References	Imeglimin dose	Comparator	Results	P value
Fouqueray et al. [15]	1500 mg BID + sitagliptin	Placebo + sitagliptin	Change in A1c from baseline at 12 weeks (−0.6 vs. +0.12 %)	<0.001
			Change in FPG from baseline at 12 weeks (−16.75 vs. −1.98 mg/dl)	0.014
Fouqueray et al. [14]	1500 mg BID + metformin	Placebo + metformin	Change in A1c from baseline at 12 weeks (−0.65 vs. −0.21 %)	<0.001
			Change in FPG from baseline at 12 weeks (−0.91 mg/dl vs. +0.36 mg/dl)	<0.001
			Change from baseline in proinsulin/insulin ratio at week 12 (−7.5 vs. +11.81)	<0.007
Pirags et al. [11]	2000 mg once daily	Metformin 850 mg twice daily	Change in baseline of AUC plasma glucose at 4 weeks (−10 vs. 30 %)	<0.0001, <0.0004
	1000 mg twice daily		Change in baseline of AUC plasma glucose at 4 weeks (−33 vs. 30 %)	<0.0305, <0.0004
	500 mg twice daily	Metformin 850 mg twice daily or placebo	AUC glucose at week 8 (72,661 vs. 58,054 or 78,174 mg/dl)	Not provided
			FPG at week 8 (172 vs. 144.7 or 182 mg/dl)
			A1c at week 8 (7.58 vs. 6.97 or 7.52 %)
	1500 mg twice daily		AUC glucose at week 8 (63,293 vs. 58,054 or 78,174 mg/dl)
			FPG at week 8 (154 vs. 144.7 or 182 mg/dl)
			A1c at week 8 (7.17 vs. 6.97 or 7.52 %)

AUC area under the curve, A1c hemoglobin A1c, BID twice a day, FPG fasting plasma glucose

Discussion and Conclusions

Despite all of the promising preliminary information currently available, further evidence is needed to support the long-term safety of imeglimin and ultimately result in its FDA approval. Currently, there is one known study involving imeglimin that has been completed, but its results are yet to be published. This study is a randomized, prospective, placebo-controlled trial based in Latvia that intends to assess both efficacy and safety endpoints with 24 weeks of imeglimin treatment [16]. Patients included in this trial may be either treatment naïve or have been previously treated with oral monotherapy. Trials assessing the safety and efficacy of imeglimin with insulin therapy or compared directly with insulin are yet to be published.

Ultimately, the place that imeglimin will have in the current T2DM treatment algorithm is unknown. At this time, there are no available data that investigate the impact of imeglimin on morbidity and/or mortality in patients with T2DM. More data that support the long-term safety of imeglimin are necessary as well. However, based on the results of the animal studies and human trials that have been published recently, imeglimin seems to be a promising adjunct, or even a potential initial monotherapy agent, in treating T2DM.
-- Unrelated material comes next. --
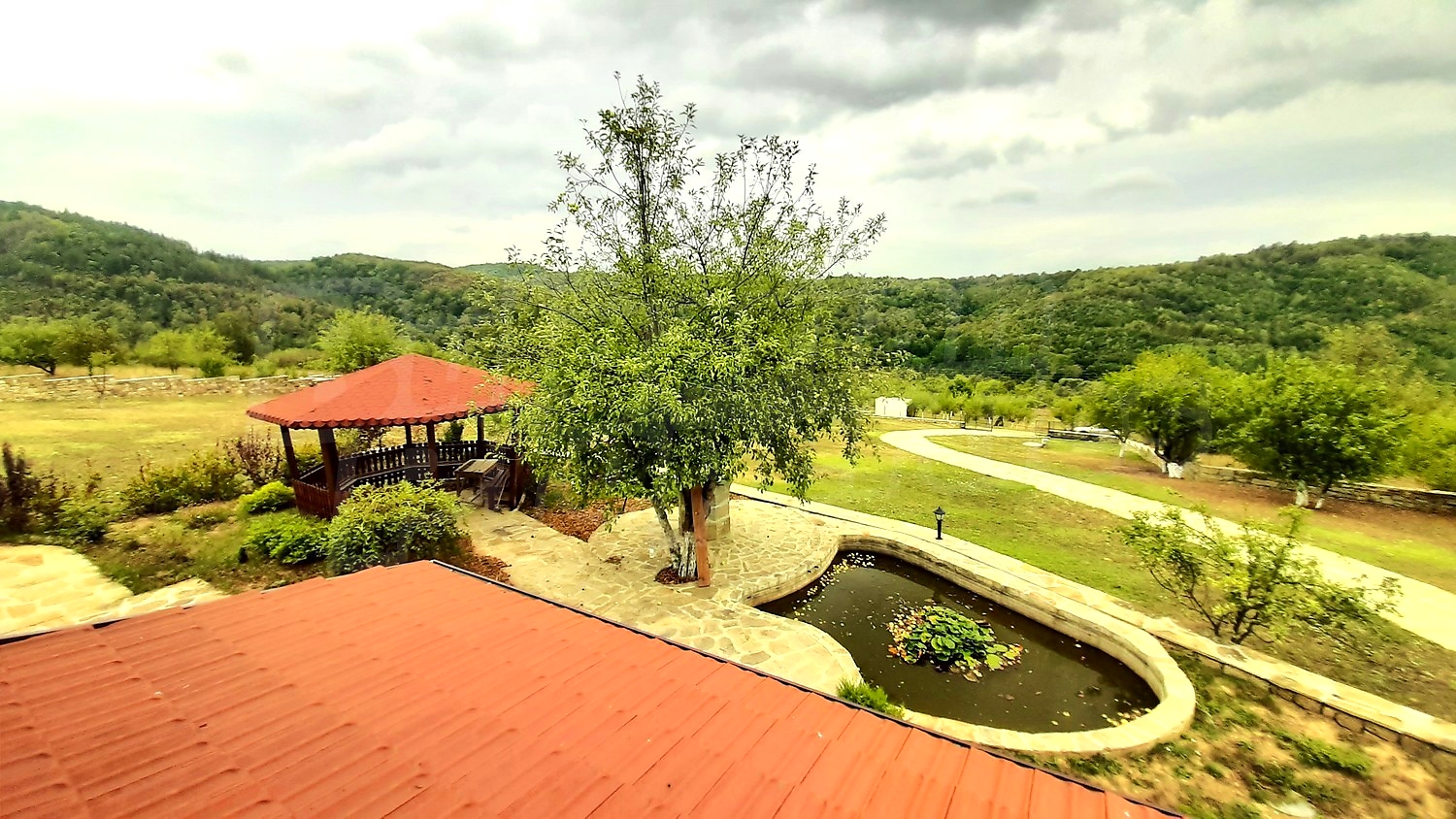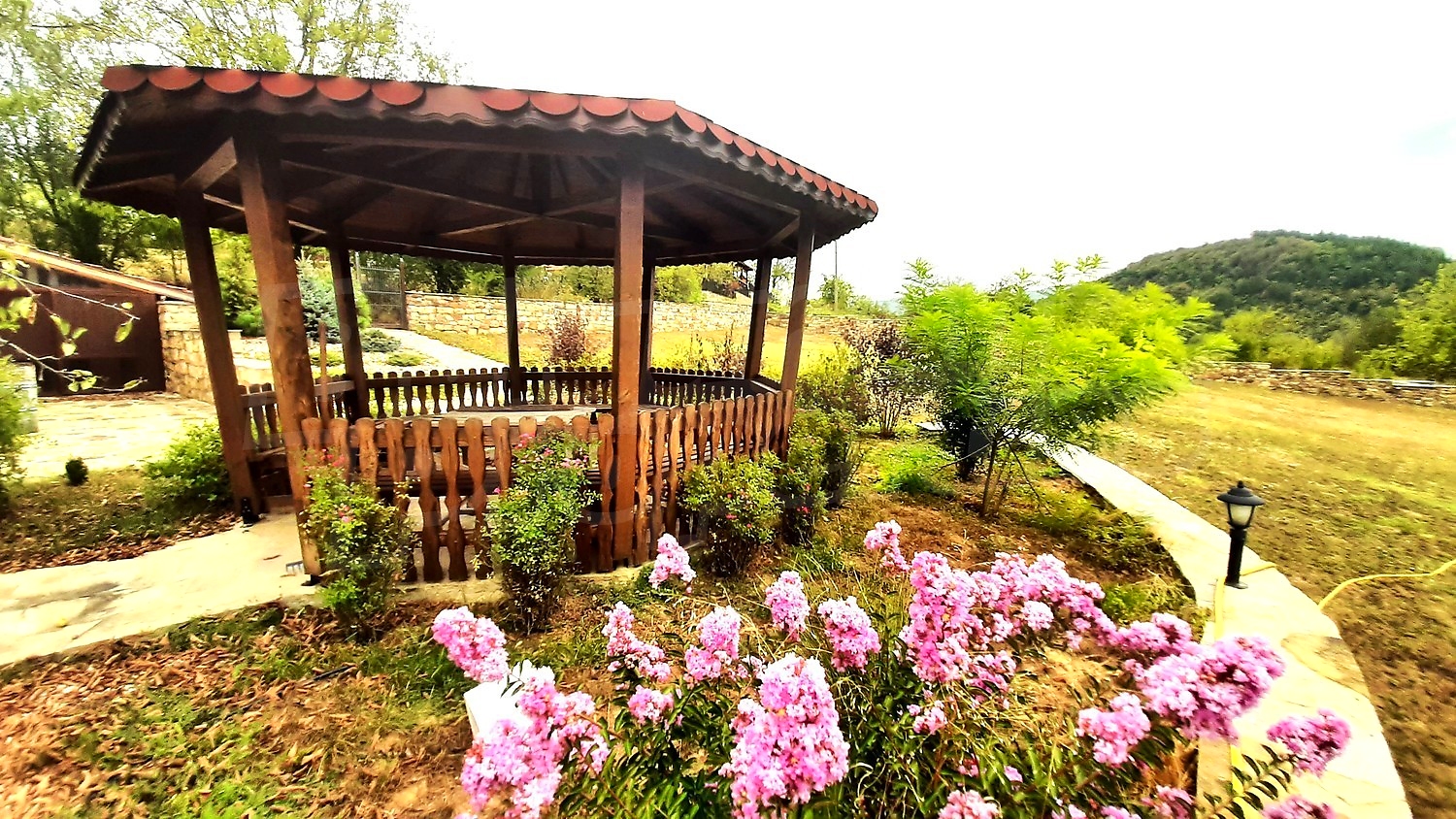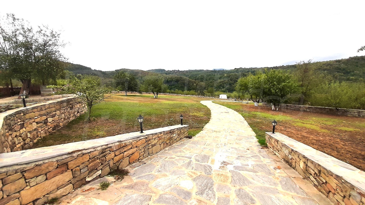 The garden, which is fully enclosed by a stone fence, is gently sloping, south-facing and offers beautiful mountain views. It is also excellently landscaped with separate seating areas, gazebo, small lake, barbecue area. There are playgrounds and paths with stone paving, garden lighting.

Imeglimin has been shown to have a positive impact on skeletal muscle glucose uptake, hepatic glucose production, and beta-cell apoptosis.

Imeglimin has demonstrated similar clinical benefit in hemoglobin A1c and fasting plasma glucose when compared with metformin and sitagliptin.

Although imeglimin has not yet achieved FDA approval, it is a promising new agent that could impact the treatment of type 2 diabetes.